Purpose: : Hereditary forms of retinal degeneration including diseases such as retinitis pigmentosa (RP), Leber congenital amaurosis (LCA), Usher syndrome, and cone-rod dystrophy are genetically heterogeneous. The genetic causes of many cases of recessive retinal degenerations remain unidentified. The purpose of this study is to use homozygosity mapping in consanguineous families to identify novel genes or mutations in recessive retinal degenerations.

Methods: : We ascertained 7 consanguineous families with two or more affected family members. In addition, we identified two non-consanguineous families with two affected individuals in which all four grandparents of the index patient shared the same ethnic background. The families include 3 with LCA, 3 with autosomal recessive RP (ARRP), and 1 each with either cone-rod dystrophy, Usher syndrome type I, or probable Goldmann-Favre syndrome. We performed a genome-wide screen of single nucleotide polymorphisms (SNPs) using The GeneChip Human Mapping 250K Array (Affymetrix) for all affected family members. Data from the SNP microarray was analyzed using the software dCHIP to identify all regions of homozygosity shared by affected siblings.
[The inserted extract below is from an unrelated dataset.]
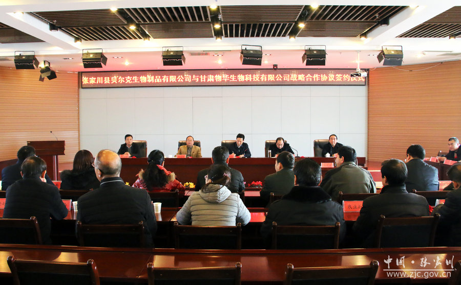 12月27日上午,张家川县贝尔克生物制品有限公司与甘肃物华生物科技有限公司签订战略合作协议。天水市中小企业局局长杨志刚,县委常委、统战部长李国恩,县政府副县长马庭坚出席签约仪式。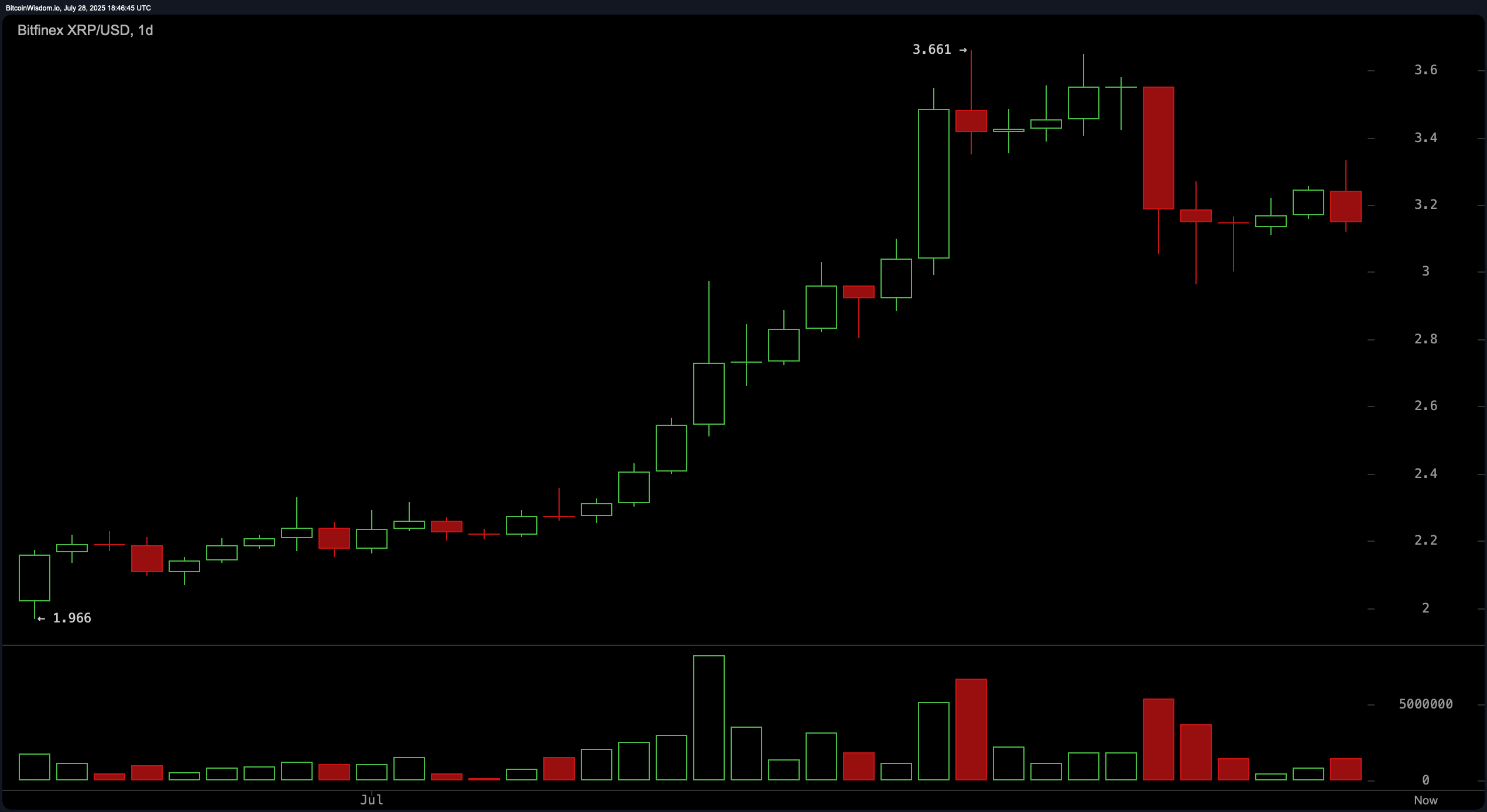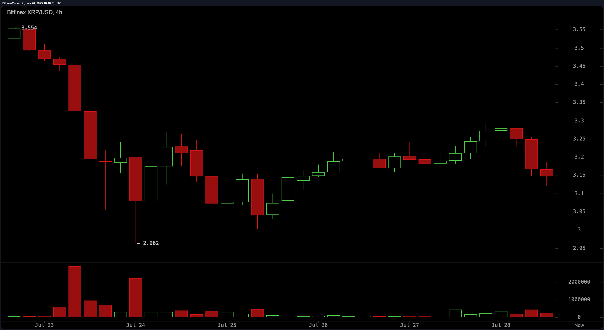 يظهر الرسم البياني اليومي اتجاهًا صعوديًا أوسع يمتد من حوالي $2.00 إلى قمة حديثة عند $3.661، على الرغم من أن ذلك تبعه تصحيح حاد. قد يشير الحجم المتزايد عند القمة إلى مرحلة توزيع، بينما يشير ظهور نمط الابتلاع الهبوطي والشموع الحمراء اللاحقة إلى ضغوط بيع مستمرة. حاليًا، يتماسك XRP ضمن النطاق $3.15–$3.30، محومًا فوق الدعم الرئيسي عند $3.00–$3.10. تقع مستويات المقاومة عند $3.50 و $3.66. يعد التأكيد الصعودي عبر اختراق فوق $3.35، مصحوبًا بحجم قوي، أمرًا ضروريًا لأي توقع متفائل. قد يؤدي الفشل في الحفاظ على $3.00 إلى سيناريو انهيار.

Results: : One to 8 shared homozygous genomic regions were identfied among these families with sizes ranging from 3.4 to 52Mb. A previously described retinal degeneration gene existed within a homozygous region in 6 of these families; CRB1 in 2 LCA families and an Usher family, LRAT in one ARRP family, CNGB1 in one ARRP family, and NR2E3 in the probable Goldmann-Favre family. The other 3 families do not have known retinal degeneration genes within the homozygous intervals. Sequencing of the CRB1 gene revealed the previously described mutation Val578Glu in one LCA family, a novel mutation Ser487Pro in the other LCA family, and no mutation in the Usher family. Sequencing of NR2E3 revealed the mutation IVS1-2A>C confirming the diagnosis of Goldmann-Favre syndrome in this family. No mutation was found in the LRAT gene in the ARRP family. Sequencing of CNGB1 in one family is ongoing.

Conclusions: : Using homozygosity mapping we identified 2 families with mutations in CRB1 and one family with a mutation in NR2E3. The CRB1 mutation Ser487Pro is novel. At least 5 of the families do not carry a mutation in a known gene and are likely to harbor mutations in novel disease genes. Sequencing of candidate genes in the detected homozygous regions is ongoing.